** INFORMATION follows **
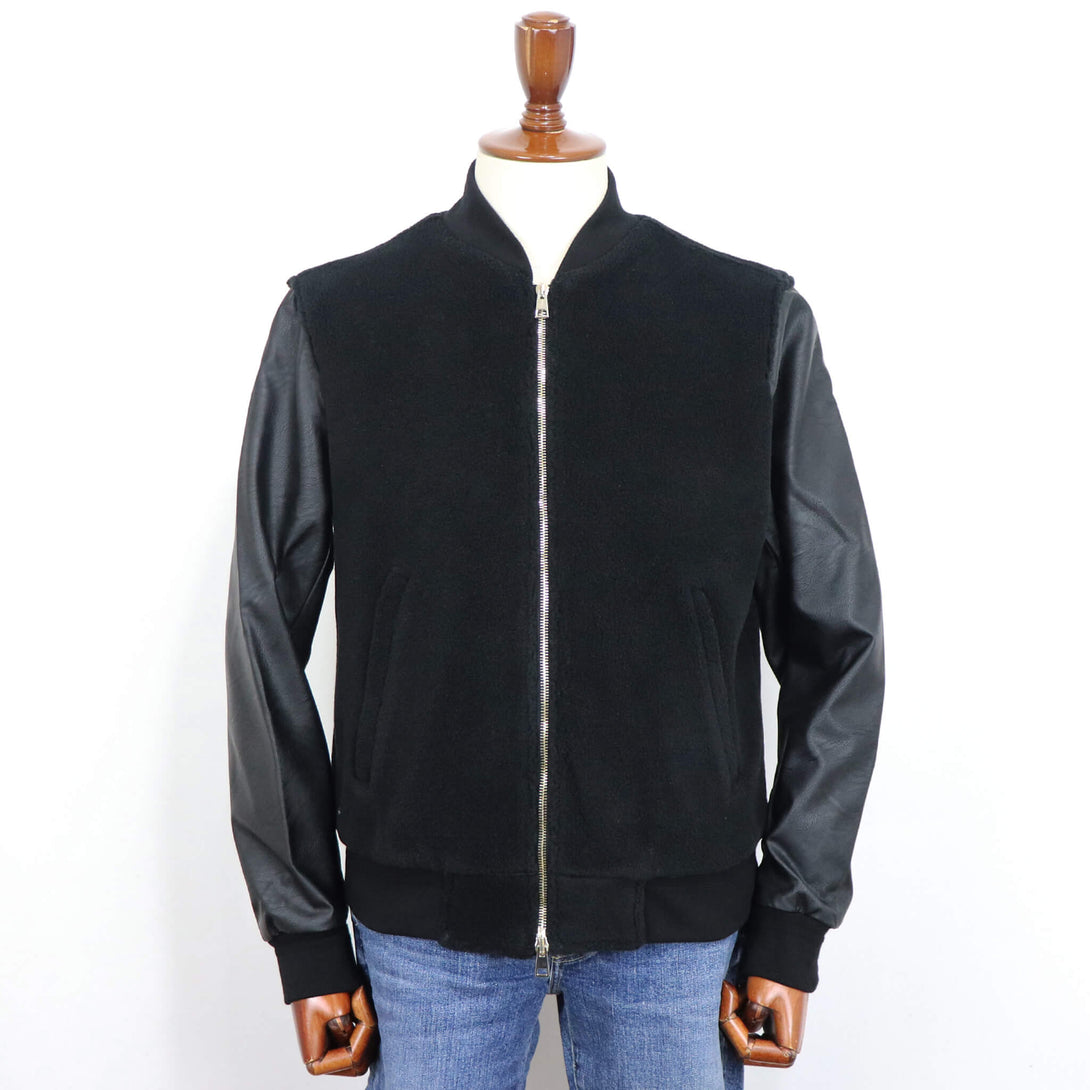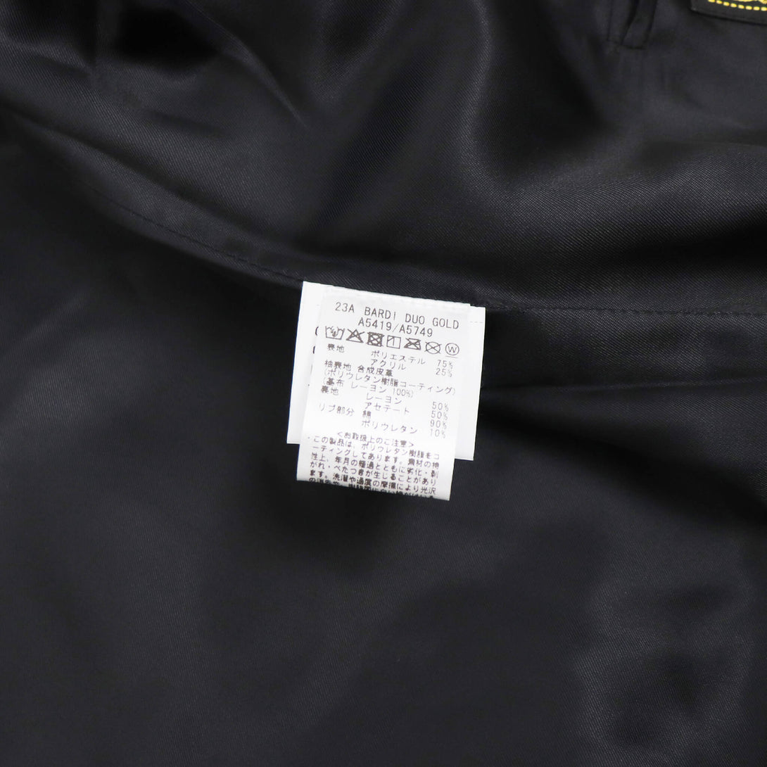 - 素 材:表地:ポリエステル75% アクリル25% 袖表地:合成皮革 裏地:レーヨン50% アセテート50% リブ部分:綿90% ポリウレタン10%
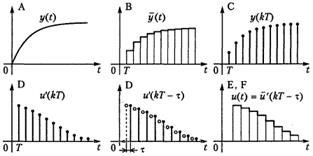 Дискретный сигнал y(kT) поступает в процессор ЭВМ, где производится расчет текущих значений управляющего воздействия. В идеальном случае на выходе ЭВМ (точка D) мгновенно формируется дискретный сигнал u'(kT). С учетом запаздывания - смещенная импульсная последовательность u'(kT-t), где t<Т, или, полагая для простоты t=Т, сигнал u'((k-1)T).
** End of INFORMATION **
** INFORMATION follows **
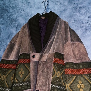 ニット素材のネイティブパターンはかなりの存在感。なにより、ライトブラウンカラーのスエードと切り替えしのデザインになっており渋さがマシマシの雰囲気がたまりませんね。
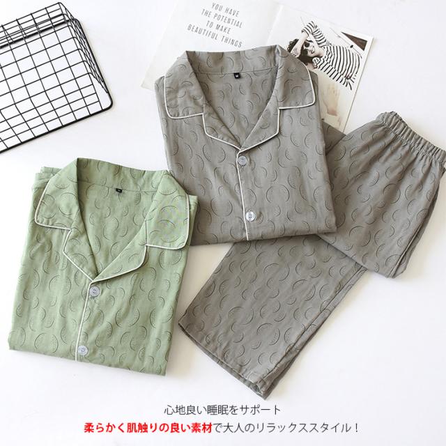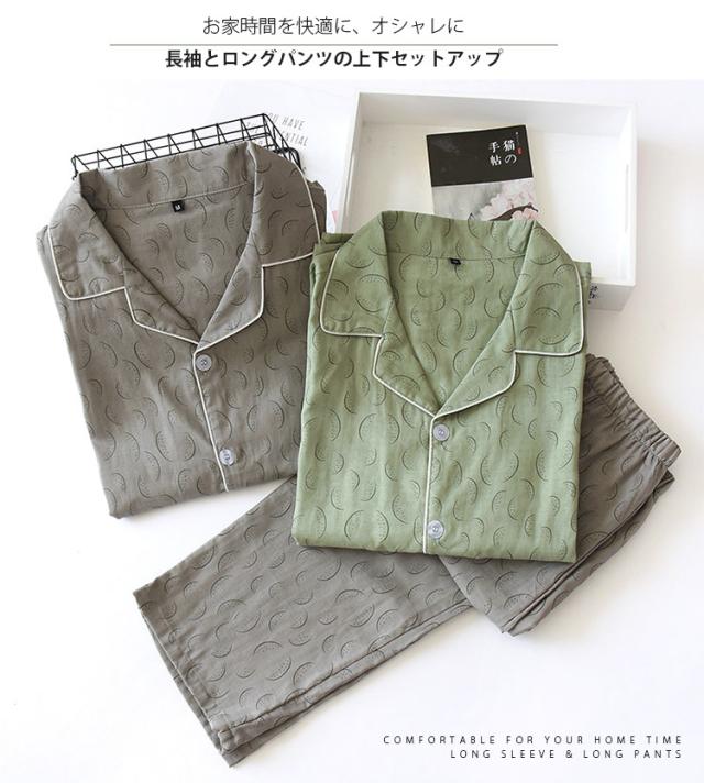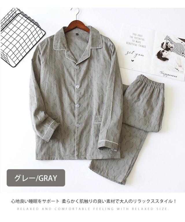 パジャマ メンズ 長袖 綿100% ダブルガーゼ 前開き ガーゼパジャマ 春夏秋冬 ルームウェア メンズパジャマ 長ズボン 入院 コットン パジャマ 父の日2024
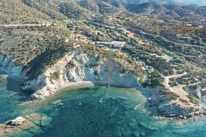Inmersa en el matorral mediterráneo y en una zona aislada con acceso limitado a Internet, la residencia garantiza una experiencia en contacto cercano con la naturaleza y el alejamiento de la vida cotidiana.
** End of INFORMATION **
EXERCISE GOAL:
Above, find the line holding "ニット素材のネイティブパター" and the line holding "Inmersa en el". Print exactly those two lines and every line between them, but no pictures.

RESULT FOR THIS TASK:
 ニット素材のネイティブパターンはかなりの存在感。なにより、ライトブラウンカラーのスエードと切り替えしのデザインになっており渋さがマシマシの雰囲気がたまりませんね。
 パジャマ メンズ 長袖 綿100% ダブルガーゼ 前開き ガーゼパジャマ 春夏秋冬 ルームウェア メンズパジャマ 長ズボン 入院 コットン パジャマ 父の日2024
Inmersa en el matorral mediterráneo y en una zona aislada con acceso limitado a Internet, la residencia garantiza una experiencia en contacto cercano con la naturaleza y el alejamiento de la vida cotidiana.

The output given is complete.